Data section: Begin
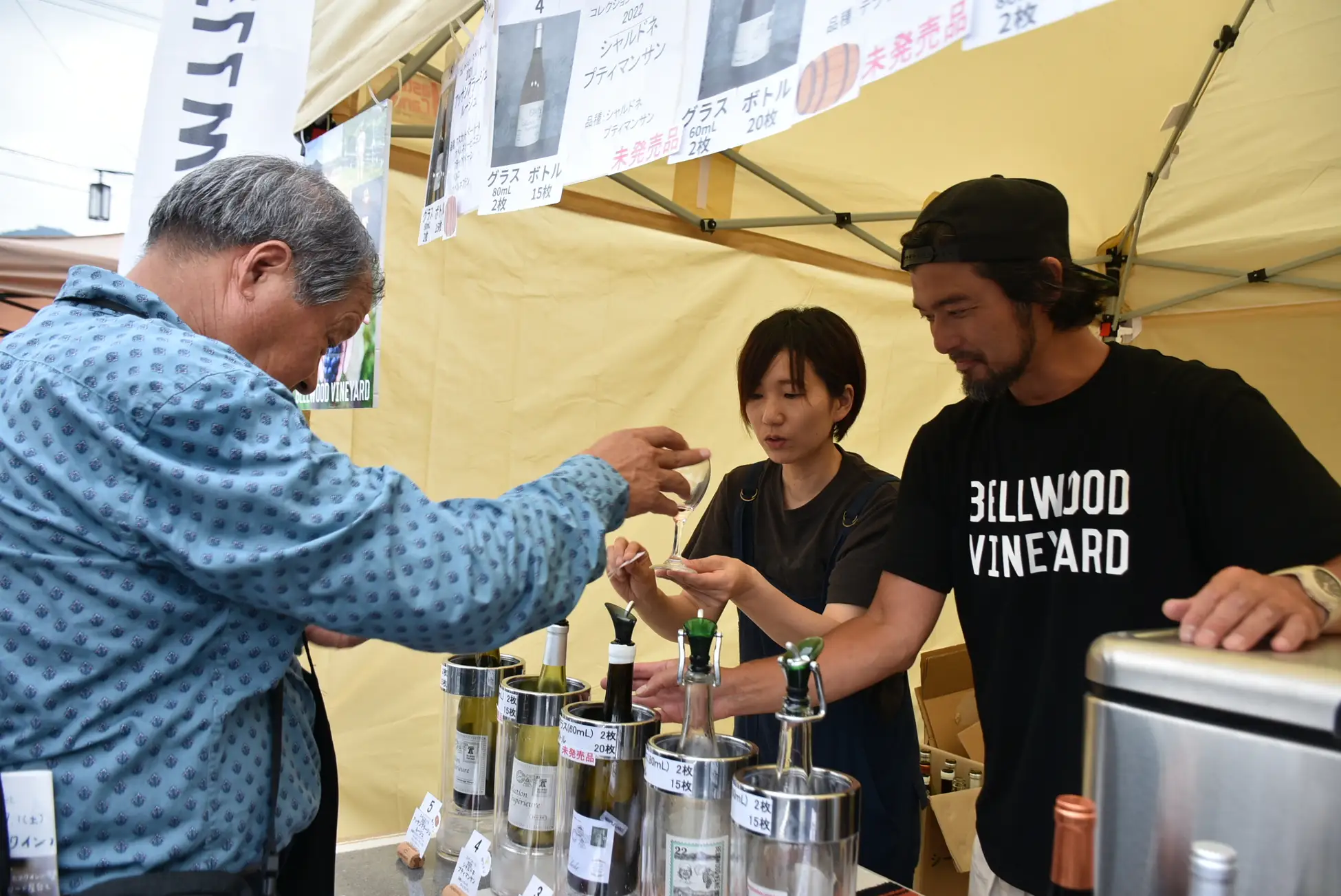 会場では、生産者自らがワインを注ぎ、ブドウの個性や醸造のこだわりを直接聞くことができます。
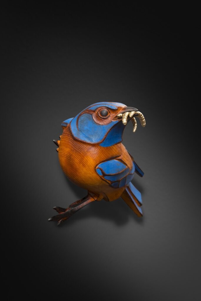 Sue Simpson, owner of Simpson Gallagher Gallery in Cody, Wyoming, which represents O’Gormley, first met the artist in 2021 at an exhibition at the Woolaroc Museum & Wildlife Preserve. At the show Simpson purchased O’Gormley’s piece WIDE OPEN, a sculpture featuring four baby birds with their mouths open waiting to be fed. The piece displays the lighter side of the artist’s oeuvre.
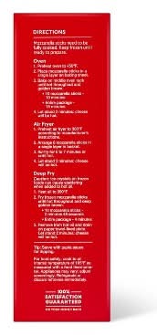Whether it's game day, movie night or just time for a snack, frozen Mozzarella Cheese Sticks from market pantry™ are sure to hit the spot. This frozen appetizer pack contains about 10 servings of mozzarella cheese sticks with a tasty breading, resulting in a pleasant and delicious combo of textures — gooey cheese and crisp breading — when the frozen cheese sticks are cooked. Simply pop them in the oven or a deep fryer to fully cook them, then serve with marinara sauce or ranch dressing. The party pack size gives you plenty to serve as an appetizer for a get-together or to treat your family to a cheesy snack a couple days in a row. Directions Mozzarella sticks need to be fully cooked. Keep frozen until ready to prepare. Oven 1. Preheat oven to 450F. 2. Place mozzarella sticks in a single layer on baking sheet. 3. Bake on middle oven rack until hot throughout and golden brown. 10 mozzarella sticks -- 10 minutes Entire package -- 15 minutes 4. Let stand 2 minutes: cheese will be hot. Air Fryer 1. Preheat air fryer to 360°F according to manufacturer’s instructions. 2. Arrange 6 mozzarella sticks in a single layer in basket. 3. Air-fry for 6 to 7 minutes or until hot. 4. Let stand 2 minutes: cheese will be hot. Deep Fry Caution: Ice crystals on frozen foods can cause spattering when added to hot oil. 1. Heat oil to 350F. 2. Fry frozen mozzarella sticks until hot throughout and deep golden brown. 10 mozzarella sticks -- 2 minutes 45 seconds Entire package -- 4 minutes 3. Remove from hot oil and drain on paper towel-lined plate. Let stand 2 minutes: cheese will be hot. For food safety, cook to an internal temperature of 165F as measured with a food thermometer. Appliances may vary; adjust accordingly. Refrigerate or discard leftovers immediately. Tip - Serve with pasta sauce for dipping. "
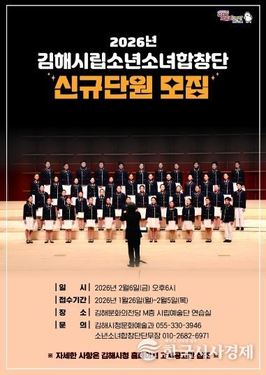 한국시사경제 노승선 기자 | 김해시는 2026년부터 활동할 김해시립소년소녀합창단의 신입 단원을 모집한다고 19일 밝혔다.
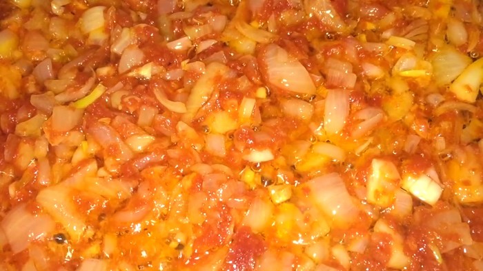 4) где-то за 15-20 минут до готовности фасоли начинаем колдовать. На сковороде разогреть масло, туда лук. Как только подрумянился чутка - туда морковь и немного пожарить с помешиванием. Потом на тёрке туда потереть голую помидорку, кинуть аджику, вяленые томаты и потушить вместе минут 15. А тут и фасоль подоспеет. Алярма: советую брать глубокую сковороду, в ней мешать удобнее;
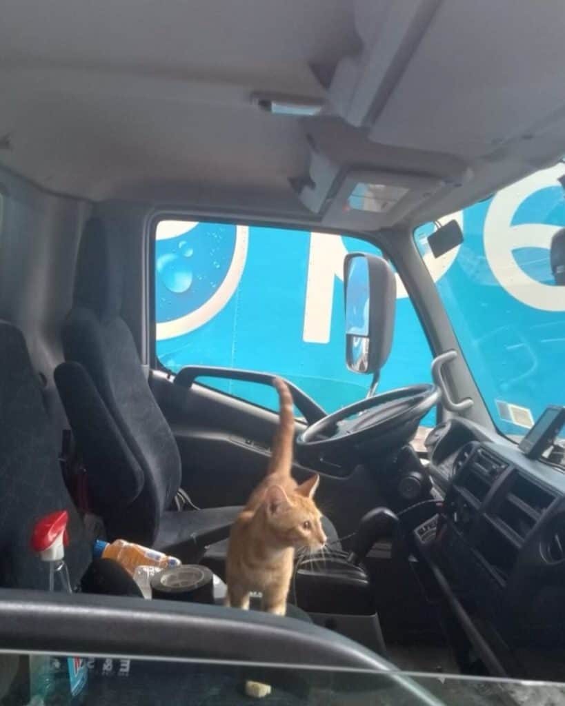 When the driver opened the door a few minutes later, he froze at the sight of the tiny ginger stowaway staring up with wide, pleading eyes.
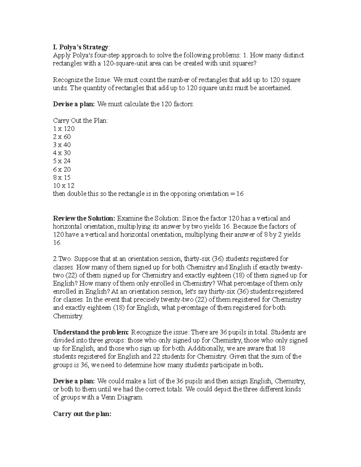 Yeah - I. Polya’s Strategy: Apply Polya's four-step approach to solve ...
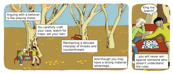 Andrew Schlafly was similarly described for his contributions to Usenet talk.origins in 2002:[4] "I tried it for a while, but arguing with Andy is like playing chess with a small child who doesn't know the rules."
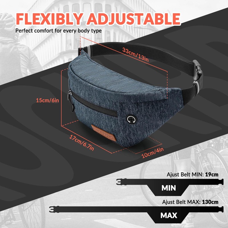 - 【Details and Design】: There is a headphone hole on the side of the fanny pack, so you can listen to music comfortably while running. The zipper with drawstring makes the zipper smoother. The reflective strips improve visibility at night.
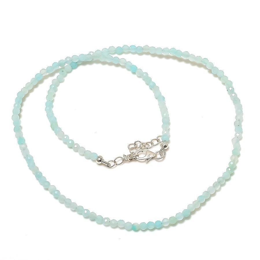 Throat Chakra Natural Aquamarine Faceted Chain Necklace Jewelry Sterling Silver
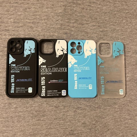 Apple telefondeksel med transparent design og blå tekst. Dekselet har trykk med teksten 'The Winter Edition Since 1975' og en beskrivelse av vaniljesmak. Materialet er plast, og dekselet er laget for å beskytte telefonen mot riper og støt.
Data section: End
§ Exercise prompt: Everything from the line with "Yeah - I. Polya’s" down to the line with "Andrew Schlafly was" in the data above should be copied exactly, with both end lines kept and the pictures left out.

§ Exercise response:
 Yeah - I. Polya’s Strategy: Apply Polya's four-step approach to solve ...
 Andrew Schlafly was similarly described for his contributions to Usenet talk.origins in 2002:[4] "I tried it for a while, but arguing with Andy is like playing chess with a small child who doesn't know the rules."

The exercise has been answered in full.